|
|
|
|
|
by dahart
2209 days ago
|
|
I do totally agree with your larger points, but these numbers just don’t make any sense, and analysis like this could do unintended damage to your otherwise good points. Would it perhaps be better to cite the industry testing practices and procedures, the volume of testing, the regulations, training, feedback loop, redundancies, and all the other safety efforts behind airline software? Uptime is not a comparable metric in any way. Aircraft computers often reboot every flight or every day. AWS downtimes don’t typically result in fatalities. The fall time of the 737 MAX before it impacts isn’t ‘downtime’, and simply cannot be used to summarize the reliability of aviation software as a whole. Arriving at 250000x this way makes it a meaningless number, and you didn’t account for the bug in the linked article in your reliability estimate at all. |
|
I somewhat agree that the metric I chose is somewhat sloppy, but you can afford to be sloppy when you are comparing things with such disparate outcomes. Sure, maybe we are not comparing a 1 story house to a 50 story skyscraper, it is only a 30 story skyscraper, but that has little impact on the fact that they are fundamentally different and to declare that they are even remotely comparable is a massive category error.
I, however, disagree that "uptime" is a nonsense metric, though there are absolutely better ones. "Uptime" in this context means duration/probability of critical operational failure which is an extremely relevant metric. That AWS does not result in fatalities during critical operational failure has no bearing on whether critical operational failure occurred or not, it just means that it matters less. A valid quibble is that I am using crashes as a proxy for failure which discounts critical software failures that did not cause critical operational failure due to non-software redundancy, but again, the outcomes are so disparate it beggars belief that this would bridge the gap.
As for aircraft computers being rebooted frequently, true. So? I am comparing full system reliability during operation, not individual components. It is not like individual AWS servers run indefinitely; they are rebooted frequently, but the system as a whole stays operational due to redundancy and migration.
The reliability estimate does account for the bug. The bug did not cause a critical operational failure. It could cause a critical operational failure in an extremely unlikely case if it remained undetected and no measures were taken to avoid or correct for it.
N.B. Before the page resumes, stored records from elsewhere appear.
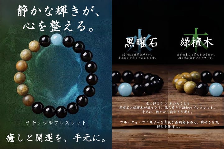 手元に穏やかさと幸運を。黒曜石と緑檀木のナチュラルブレスレット【3サイズ展開...
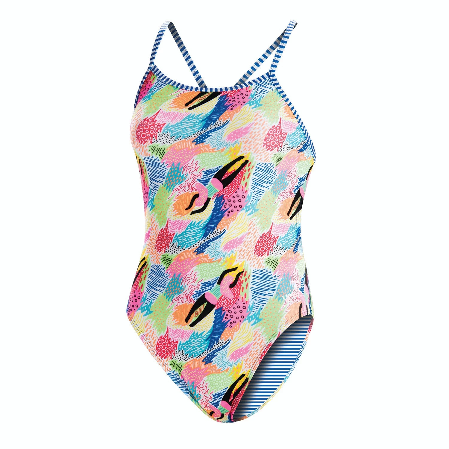 Broaden your horizons and explore parts unknown just like the hidden swimmer in the Womens Uglies Dive Deep Double Strap Back One Piece swimsuit.
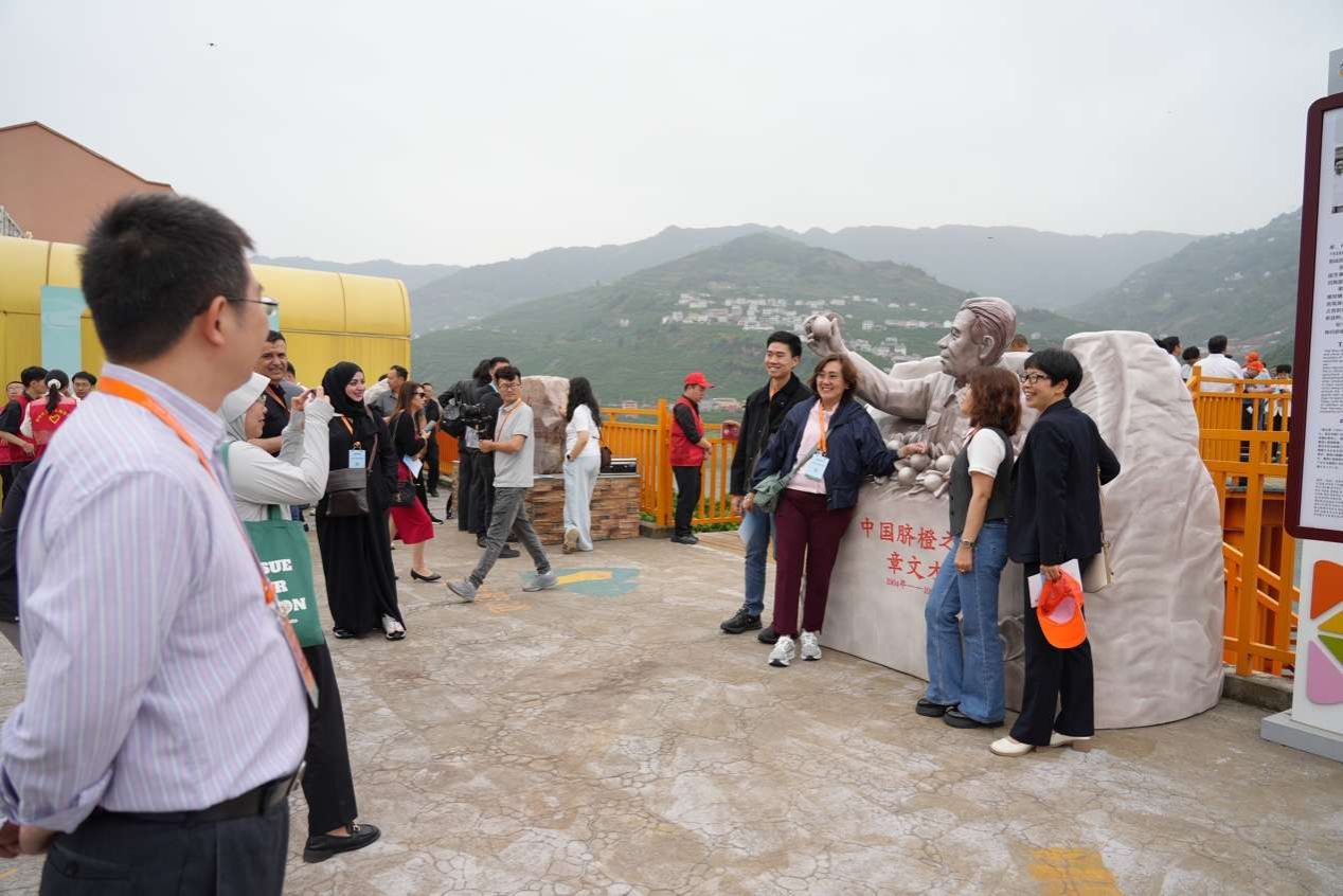 在秭归县水田坝乡,采购商在章文才教授雕像前合影 晏华华摄
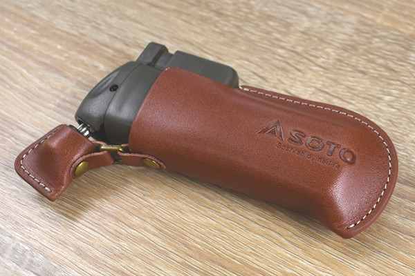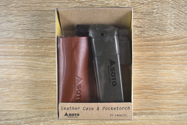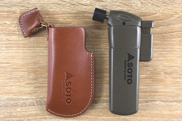 セットのレザーケースは牛革製の本格的な仕様。「ポケトーチ」がスポッと入るだけでなく、火口カバーもついています。最初は少し硬めですが、使い込んで経年変化を楽しむのも良さそうですね。
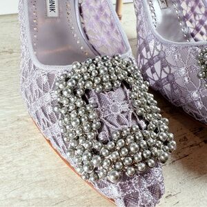 Manolo Blahnik Hangisi Size 38 Lace 70MM Pumps Heels Lilac Periwinkle $1245 New
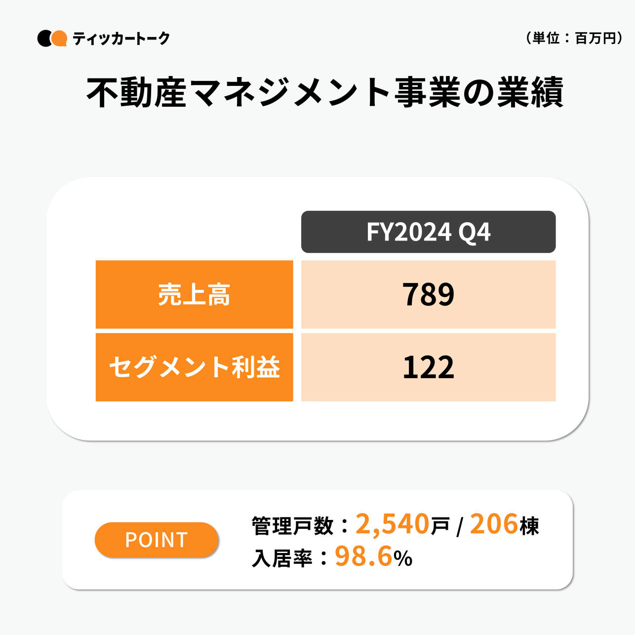 不動産マネジメント事業は、管理棟数・管理戸数の増加により売上・利益ともに前期を上回る堅調な推移となった。
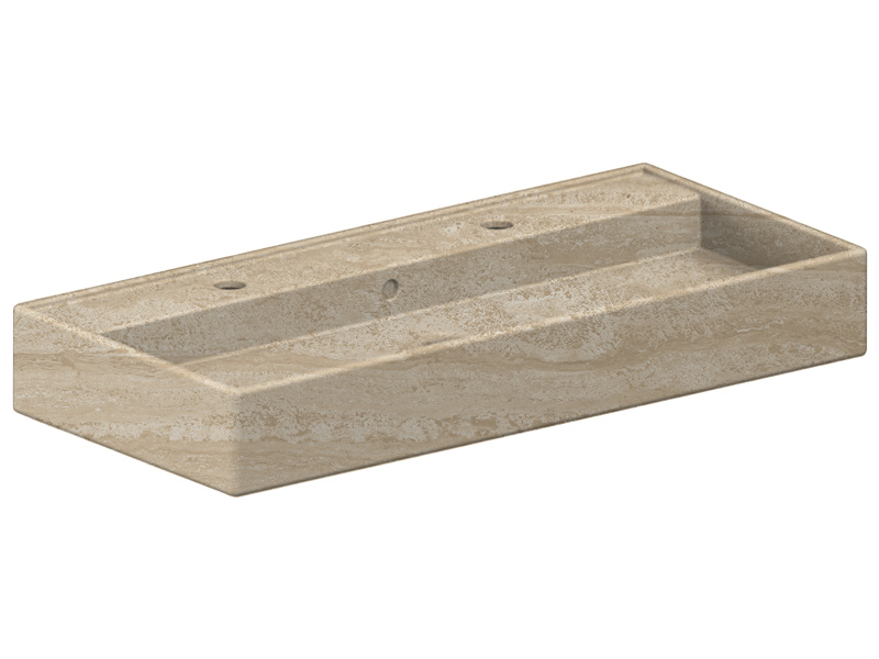 SCARABEO TEOREMA 2.0 5106/R-100В Раковина накладная или подвесная с двумя отверстиями под смеситель, с сливом - переливом. Настенные крепления и перелив входят в комплект.Размеры: 100x46x14,5h см. Цвет Travertine.

However, it was detected and countermeasures have been put into place, so the processes in place continue to achieve their intended goal of preventing critical operational failure. So, the outcome-based estimate continues to be accurate.
Just to be clear, an outcome-based estimate is not perfect. By its nature, it only looks at the past, so has no true predictive power. You can not use an outcome-based estimate to predict the effects of process changes. However, it is a relatively unbiased way of evaluating if prior processes were effective which we can use to inform us which processes of the past were actually effective or not and the effects of process changes.